* _To do_
Your answer is the lines below, exactly, from the one that contains "Набор резинок для" through the one that contains "oz, Clear is a", both included.

* _Extracted data_

━━━━━━━━━━━━━━━━

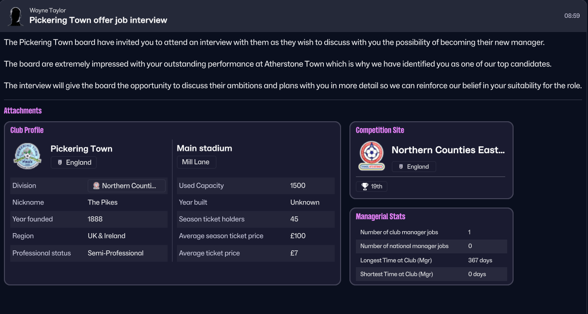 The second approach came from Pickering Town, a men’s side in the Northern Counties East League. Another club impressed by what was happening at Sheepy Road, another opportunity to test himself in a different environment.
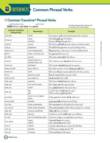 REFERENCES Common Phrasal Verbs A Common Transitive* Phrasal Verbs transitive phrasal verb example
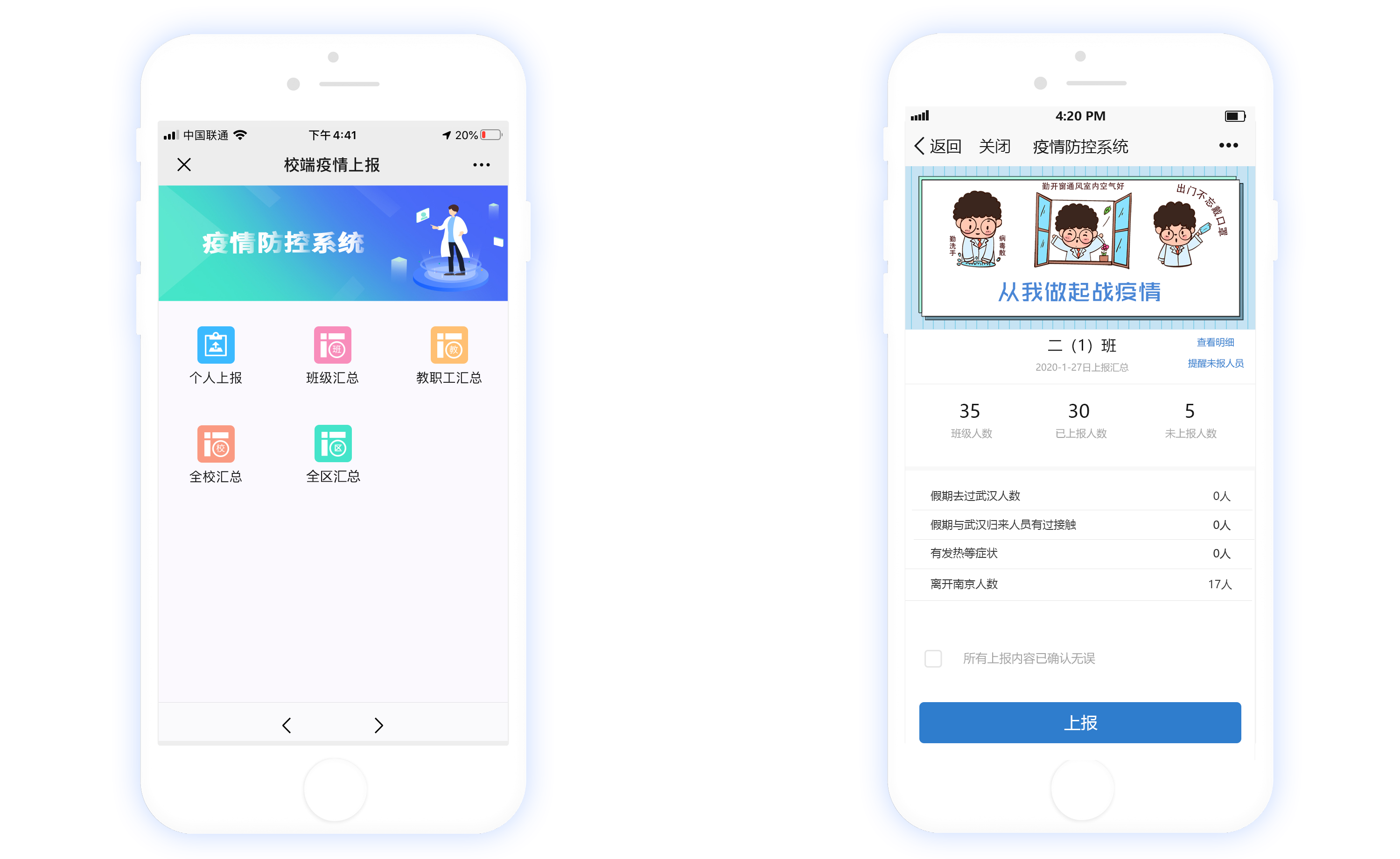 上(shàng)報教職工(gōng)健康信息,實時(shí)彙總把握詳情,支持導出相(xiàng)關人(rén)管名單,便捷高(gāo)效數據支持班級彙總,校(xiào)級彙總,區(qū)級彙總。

━━━━━━━━━━━━━━━━

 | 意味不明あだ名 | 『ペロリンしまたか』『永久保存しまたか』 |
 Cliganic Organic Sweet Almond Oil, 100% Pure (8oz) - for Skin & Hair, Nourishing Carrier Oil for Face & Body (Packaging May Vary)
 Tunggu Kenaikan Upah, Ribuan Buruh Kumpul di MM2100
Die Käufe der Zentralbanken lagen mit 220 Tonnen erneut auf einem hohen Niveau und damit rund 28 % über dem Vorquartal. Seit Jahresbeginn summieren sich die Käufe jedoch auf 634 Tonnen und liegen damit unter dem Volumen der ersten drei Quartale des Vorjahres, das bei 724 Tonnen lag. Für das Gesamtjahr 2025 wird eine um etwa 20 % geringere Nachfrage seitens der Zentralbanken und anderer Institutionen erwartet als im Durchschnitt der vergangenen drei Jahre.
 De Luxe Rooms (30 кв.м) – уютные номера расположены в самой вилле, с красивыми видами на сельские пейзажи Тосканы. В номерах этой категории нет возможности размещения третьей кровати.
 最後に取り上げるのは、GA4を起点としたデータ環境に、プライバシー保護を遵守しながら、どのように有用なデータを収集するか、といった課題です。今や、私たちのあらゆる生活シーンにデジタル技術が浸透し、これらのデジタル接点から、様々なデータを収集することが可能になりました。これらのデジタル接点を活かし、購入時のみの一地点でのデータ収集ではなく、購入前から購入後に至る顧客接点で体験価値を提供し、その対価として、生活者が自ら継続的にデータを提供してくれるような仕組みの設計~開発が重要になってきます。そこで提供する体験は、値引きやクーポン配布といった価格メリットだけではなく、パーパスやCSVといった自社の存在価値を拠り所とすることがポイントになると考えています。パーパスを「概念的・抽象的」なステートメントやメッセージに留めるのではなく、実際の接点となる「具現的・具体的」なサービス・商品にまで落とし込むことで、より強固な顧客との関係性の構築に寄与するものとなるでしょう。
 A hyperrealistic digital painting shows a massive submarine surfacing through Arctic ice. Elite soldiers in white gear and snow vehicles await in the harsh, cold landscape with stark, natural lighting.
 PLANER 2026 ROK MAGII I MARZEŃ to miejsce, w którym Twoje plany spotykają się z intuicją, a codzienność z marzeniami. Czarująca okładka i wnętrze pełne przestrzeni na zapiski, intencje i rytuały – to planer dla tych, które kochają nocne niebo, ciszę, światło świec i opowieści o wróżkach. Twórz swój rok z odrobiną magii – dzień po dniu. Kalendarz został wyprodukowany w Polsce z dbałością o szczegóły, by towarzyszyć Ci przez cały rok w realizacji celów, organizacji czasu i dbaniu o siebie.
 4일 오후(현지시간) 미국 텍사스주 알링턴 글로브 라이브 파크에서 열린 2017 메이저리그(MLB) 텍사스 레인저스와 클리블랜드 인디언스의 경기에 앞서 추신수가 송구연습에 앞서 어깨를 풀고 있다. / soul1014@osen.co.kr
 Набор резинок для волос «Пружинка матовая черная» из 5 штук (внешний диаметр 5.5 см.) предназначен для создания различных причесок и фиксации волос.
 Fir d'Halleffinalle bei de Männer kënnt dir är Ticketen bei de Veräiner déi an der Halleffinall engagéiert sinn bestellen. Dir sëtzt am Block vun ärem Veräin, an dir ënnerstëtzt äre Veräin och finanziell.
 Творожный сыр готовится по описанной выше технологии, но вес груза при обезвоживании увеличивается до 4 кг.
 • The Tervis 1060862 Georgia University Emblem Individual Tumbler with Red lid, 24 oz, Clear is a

━━━━━━━━━━━━━━━━

* _Output of the exercise_
 Набор резинок для волос «Пружинка матовая черная» из 5 штук (внешний диаметр 5.5 см.) предназначен для создания различных причесок и фиксации волос.
 Fir d'Halleffinalle bei de Männer kënnt dir är Ticketen bei de Veräiner déi an der Halleffinall engagéiert sinn bestellen. Dir sëtzt am Block vun ärem Veräin, an dir ënnerstëtzt äre Veräin och finanziell.
 Творожный сыр готовится по описанной выше технологии, но вес груза при обезвоживании увеличивается до 4 кг.
 • The Tervis 1060862 Georgia University Emblem Individual Tumbler with Red lid, 24 oz, Clear is a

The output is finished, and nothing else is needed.